Does your approach change when you have a big audience that isn’t necessarily coming out just for you?
No. I try to make everything that I do acceptable to any audience. If something that I do doesn’t work, I don’t have this indie rock personality of “They don’t get it then....” It’s like, “No, something that I’m doing is wrong, and I need to figure out exactly how to make it right in a way that I’m comfortable.”
What places do you make sure to hit when you’re back in town?
I lived in Ballard, so I always like to go back to where I lived. I just love that part of town; love being by the water. And I also go to Dick’s every time.
Also, whenever I’m in Seattle I just have to go to the Space Needle because that just says Seattle. And please mention that this interview is sponsored by the Space Needle. Also, you gotta Ride the Ducks.
Did you know they throw fish down at Pike Place market?
What?! I’ve never seen a fish out of water, so that’d be huge for me.
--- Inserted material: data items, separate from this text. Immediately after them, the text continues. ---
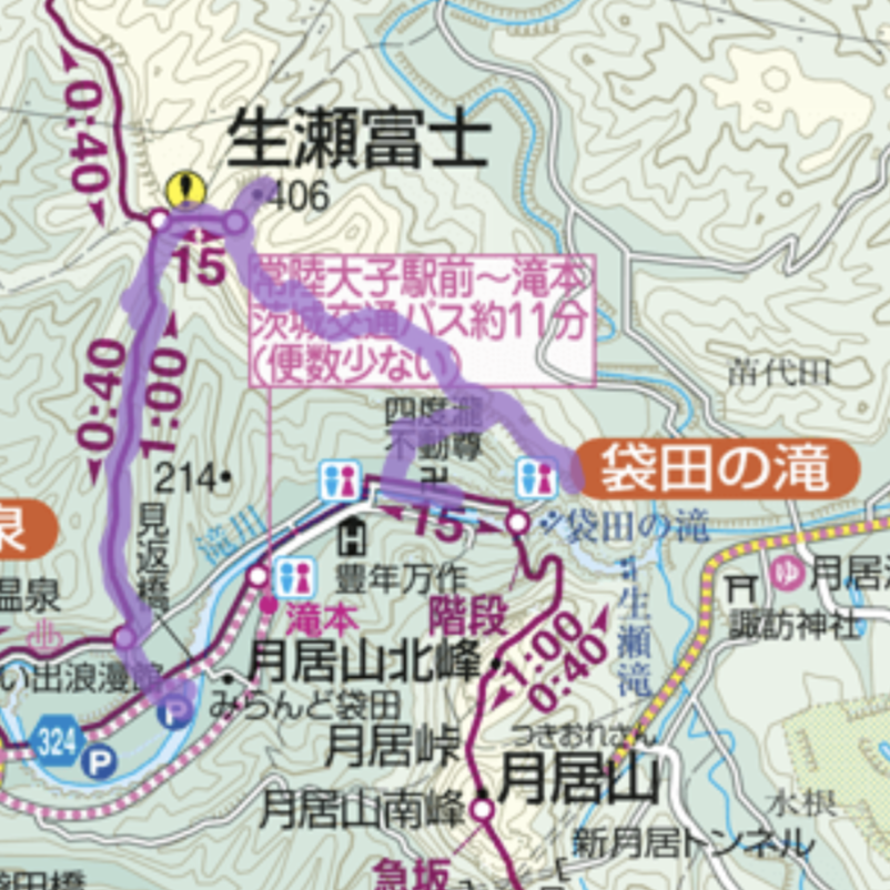 ここからは「山と高原地図」に記載のないルートとなりますが、「袋田の滝」の近くに出られると聞いて、行ってみることにしました。
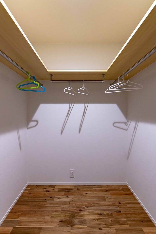 主寝室のウォークインクローゼットです。収納ボックスの数やレイアウトが、奥さまの頭の中で明確かつ完璧にイメージされていて、そのレイアウトに合わせて、奥行きや棚の高さをミリ単位で調整しています。
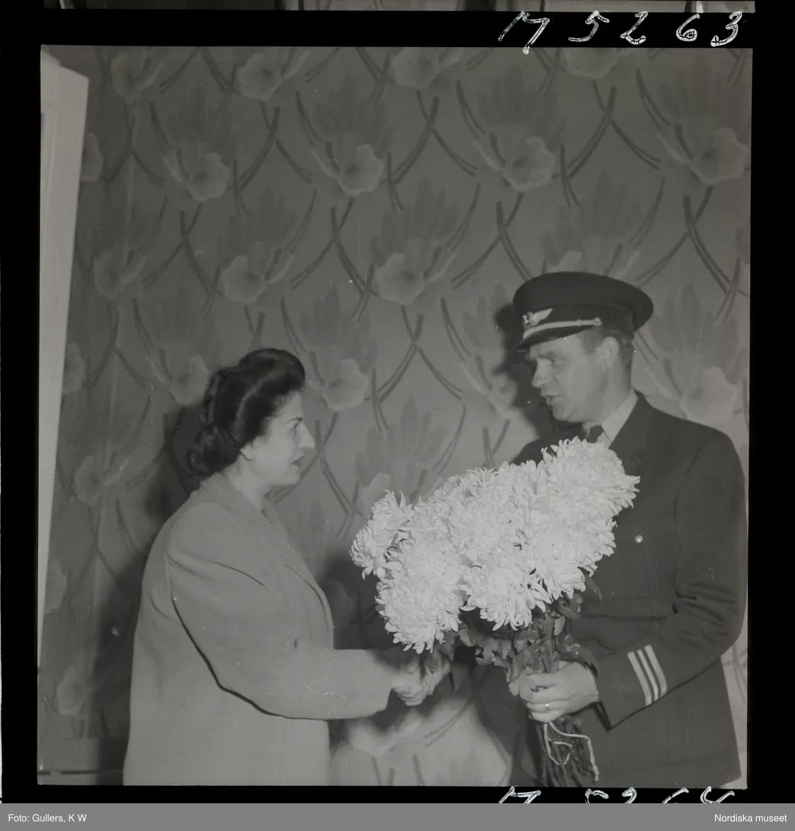 En man i uniform räcker en kvinna en blombukett.

What was the origin of playing with your guitar when delivering some of the jokes?
It kind of started because I wanted to be a musician and then slowly realized I couldn’t really take myself seriously, but I liked the thought of somebody who took themself seriously as a singer-songwriter; someone that thinks they’re really significant. I thought that adding that music under it kind of added this importance that took the jokes to another level, like the scoring of a movie.
You’ve hosted a talk show of your own at the UCB Theatre in LA. What was that show’s vibe?
It’s a live show. It’s set up just like what Jimmy does, except for no one is paying me to do it and it’s a fake show. We’ve actually stopped doing it live because Joel McHale saw it and loved it, and now we’re shooting a pilot and we’re going to shop it around with him as a producer. It’s more of a sitcom than it is a talk show; it’s totally scripted. We’re doing it as if it was a show that takes place in Seattle on public access television.
So is this whole tour an elaborate plan to steal Jimmy's job?
Yeah. I’m coming for Jimmy, and I hope he knows that.